Others regard change management as more of a project management function to manage the scope of work that is performed to provide a product or service. Controlling changes then becomes largely about managing expectations to realistically match the amount of work that can be accomplished within the agreed upon scope and schedule, and the means by which scope and schedule changes are accepted

The reality is that change management encompasses both of these perspectives: the project's scope and the product's scope. What's more, the project and the product may each have different customers whose needs and expectations aren't always in alignment. Successfully managing and tracking the expectations and requirements of the project's organization and sponsors, as well as the product's purchasers and consumers (end-users) hinges upon successful cooperation between the project management and configuration management functions.

What is Agile Change Management?

So what's so agile about change management as proposed by the agile methods "du jour"? The agile in agile change management can be interpreted in a couple of ways:

  • Change management that successfully meets the needs of an agile project
  • An approach to change management that is agile in its own right
  • These are not mutually exclusive: an agile approach to change management certainly helps to meet the needs of an agile project.
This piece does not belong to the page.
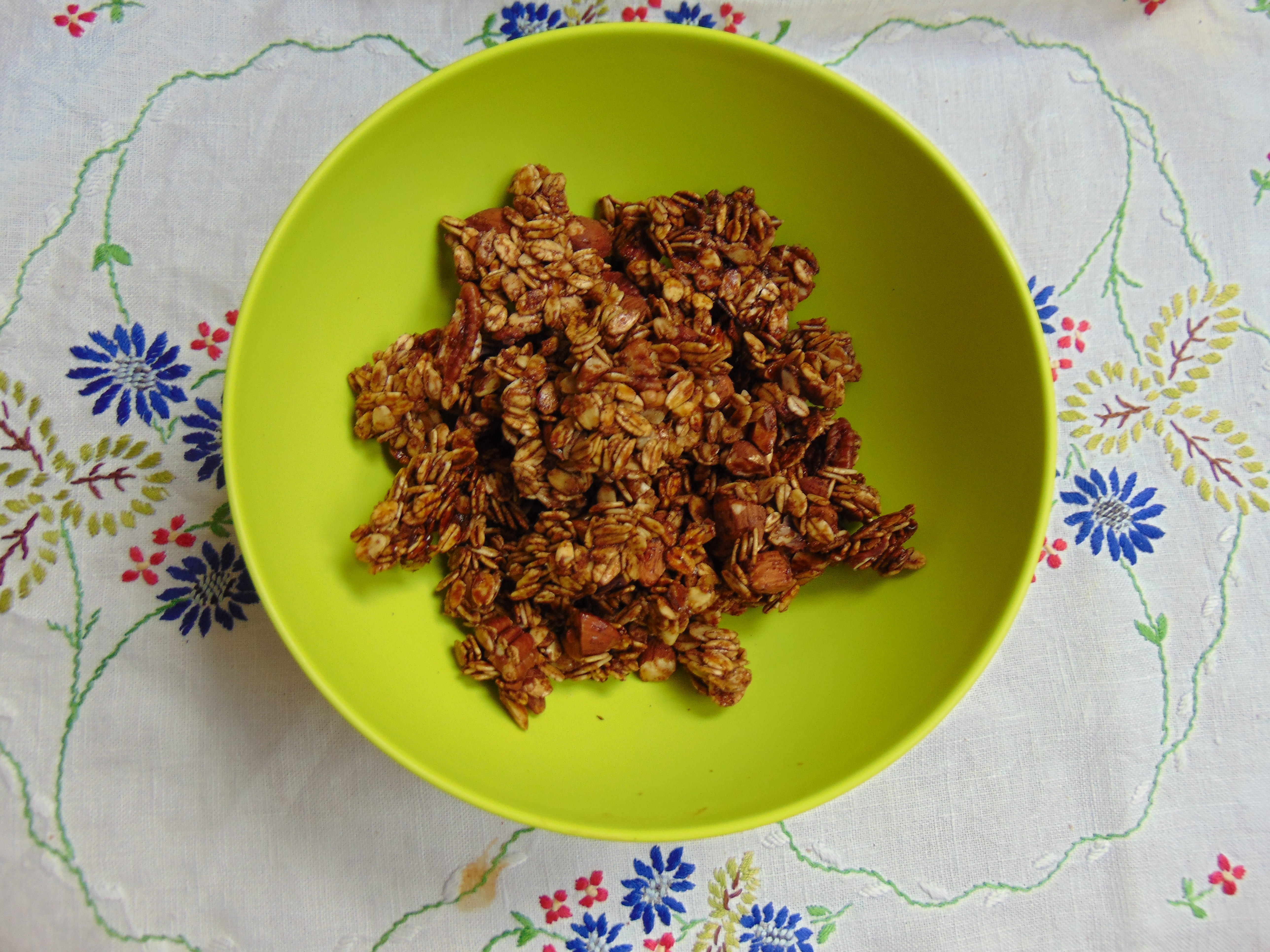 The Gingerbread Granola had a really Christmassy feel to it. The combination of molasses, ginger and cinnamon gave this a lovely warmth. I managed to make giant oat clusters that would be worthy of presenting to the granola gods as breakfast. The downside of using molasses was that everything was brown from the start so it was a little harder to tell if things were burnt or not.
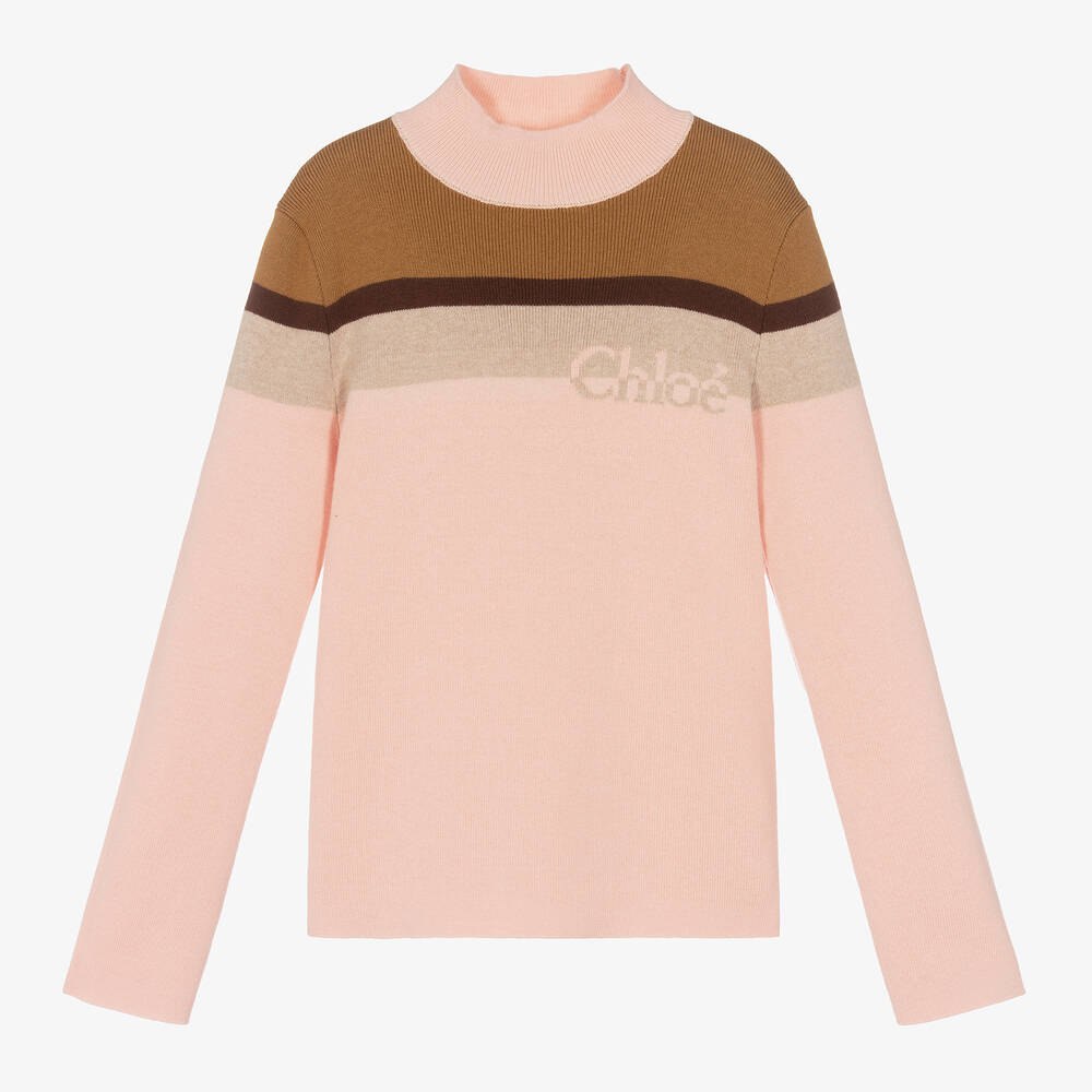 A lovely pale pink long-sleeved jumper for girls by luxury brand Chloé, knitted in a beautifully soft blend of organic cotton and wool. It has a contrasting striped design cross the shoulders in a medley of brown shades, with an intarsia logo adding a signature finish. Comfortable to wear, this stylish top has a cosy high neckline.

So there is a broad area of overlap between the two. Furthermore, the argument can (and perhaps should) be made that so-called agile change management is really just plain old sound, and solid change management practices. You know, the things that we are supposed to have been doing all along, but either got lost in all the noise, or perhaps just fell upon deaf ears.
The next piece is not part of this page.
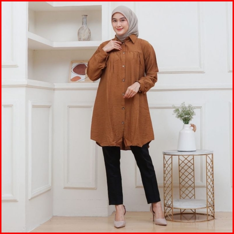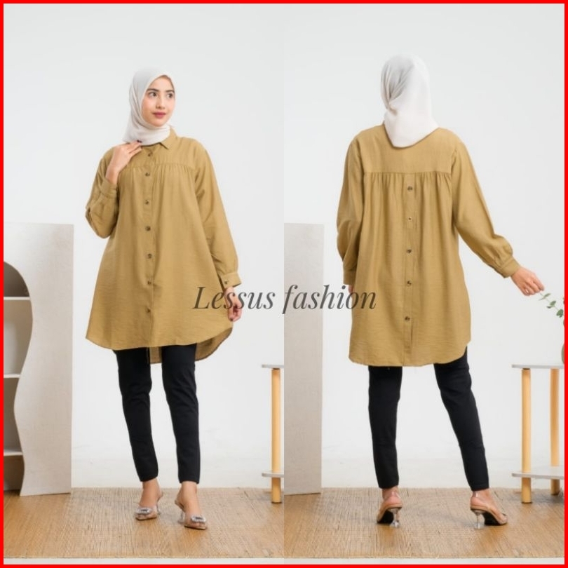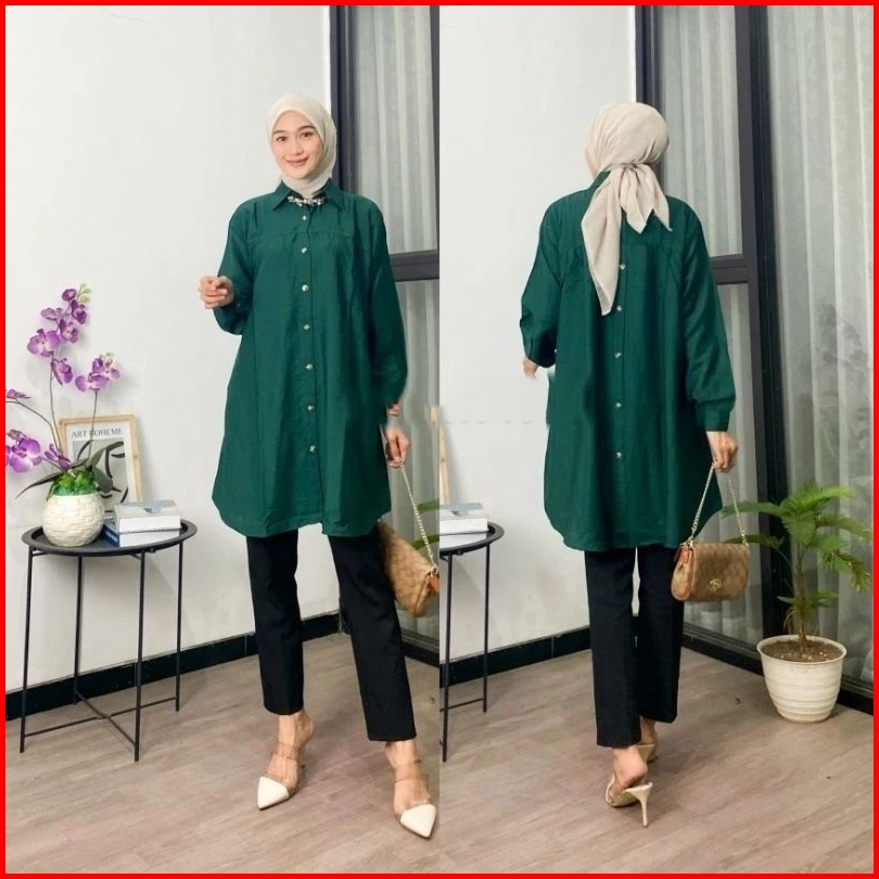 Tunik Polos Pololinen Variasi Kancing Depan Belakang Kemeja Wanita Polos Pololinen

Whether we regard agile change management as new, or yet another case of “what's old is new", an agile spin has since been spun: it is a focus on close collaboration via informal face-to-face communication, and on keeping processes and tools lean and simple. Let's take a look at some relevant portions of two of the more commonly used agile methods today: eXtreme programming (XP) and scrum.

Agile Change Management in XP

At the beginning of each iteration (which lasts typically between 1-3 weeks), XP conducts the planning game: the project manager, developers, and customers get together in a room and look at the existing back-log of to-be-implemented requests (called user stories and captured on plain index cards). The customers may add or remove requests from the stack. Developer's converse with the customers and attach estimates to each request. (See [1] for more details. 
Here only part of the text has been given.